> [DATASET EXCERPT]:
**********
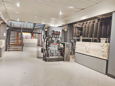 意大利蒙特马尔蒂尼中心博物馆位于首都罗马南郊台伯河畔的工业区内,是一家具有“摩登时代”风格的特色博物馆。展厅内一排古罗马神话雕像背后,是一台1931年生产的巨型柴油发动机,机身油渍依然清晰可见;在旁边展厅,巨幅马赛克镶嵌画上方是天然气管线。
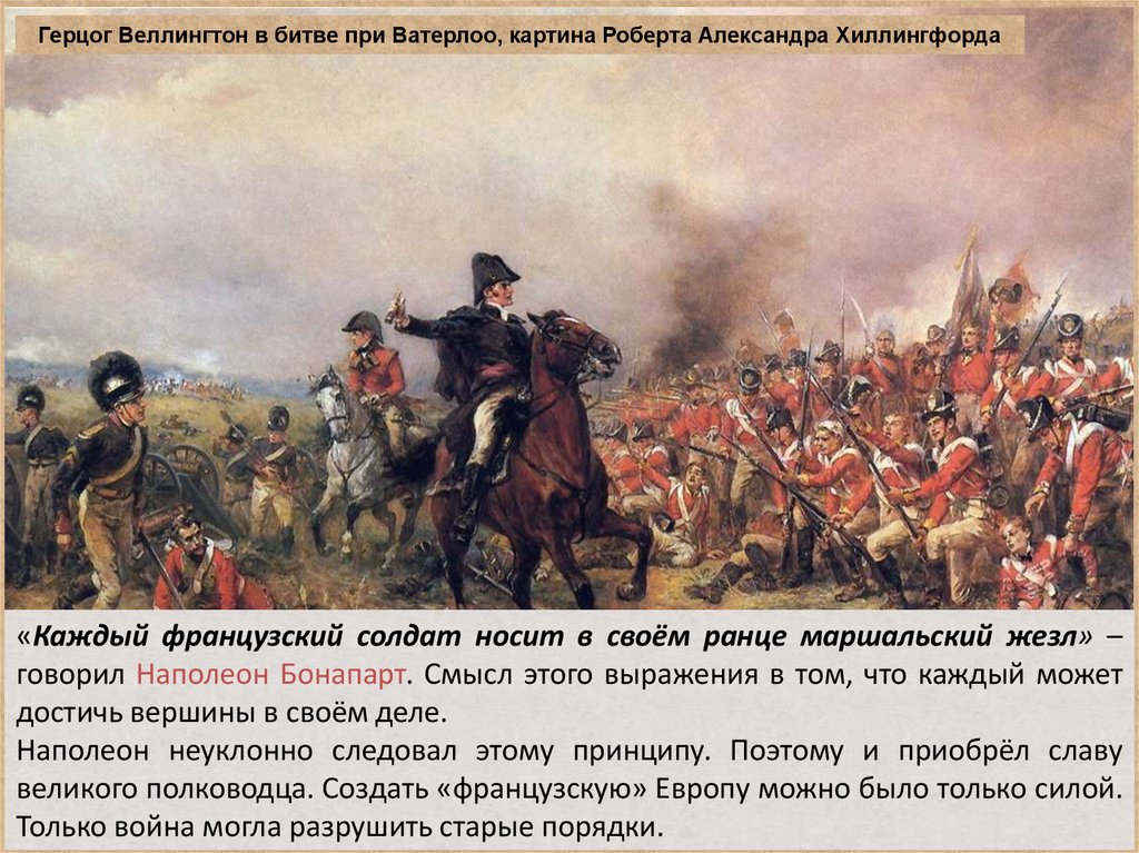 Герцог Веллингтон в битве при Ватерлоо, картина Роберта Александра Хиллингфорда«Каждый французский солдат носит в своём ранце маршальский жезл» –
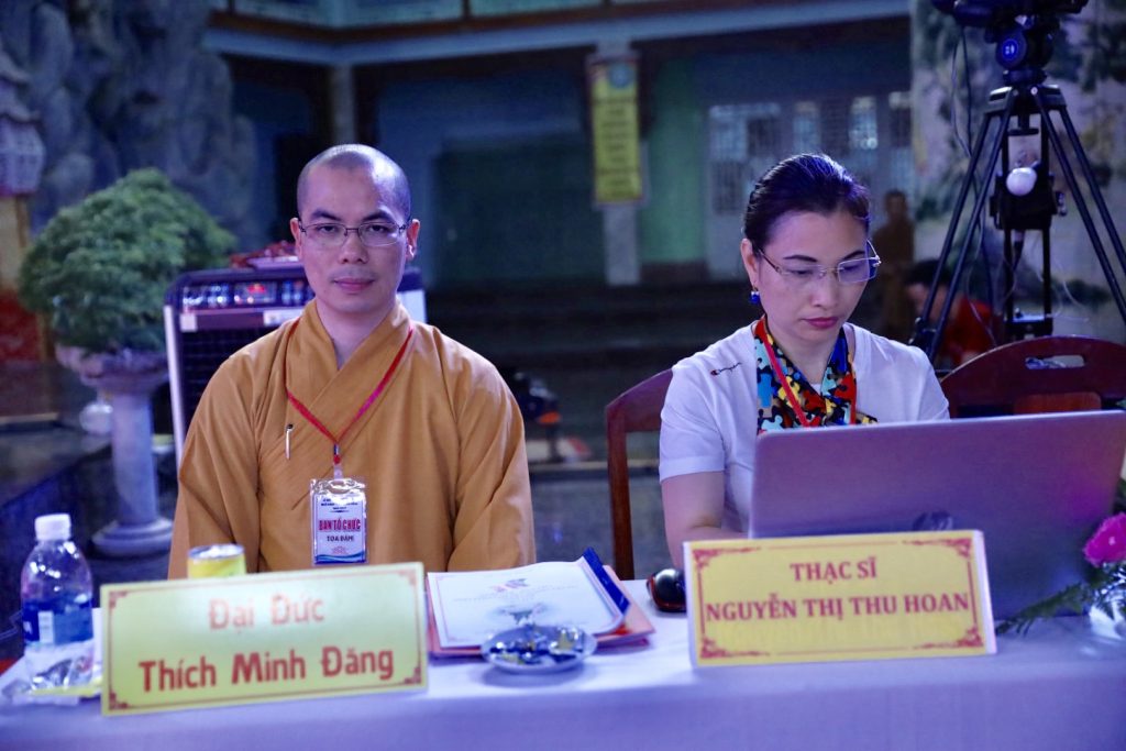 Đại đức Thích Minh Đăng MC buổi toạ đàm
**********
> [BRIEF]:
Reproduce word for word the lines from the line holding "Герцог Веллингтон в" through the last line of the material above, inclusive, and keep pictures out of it.

> [RESULT OF THE EXERCISE]:
 Герцог Веллингтон в битве при Ватерлоо, картина Роберта Александра Хиллингфорда«Каждый французский солдат носит в своём ранце маршальский жезл» –
 Đại đức Thích Minh Đăng MC buổi toạ đàm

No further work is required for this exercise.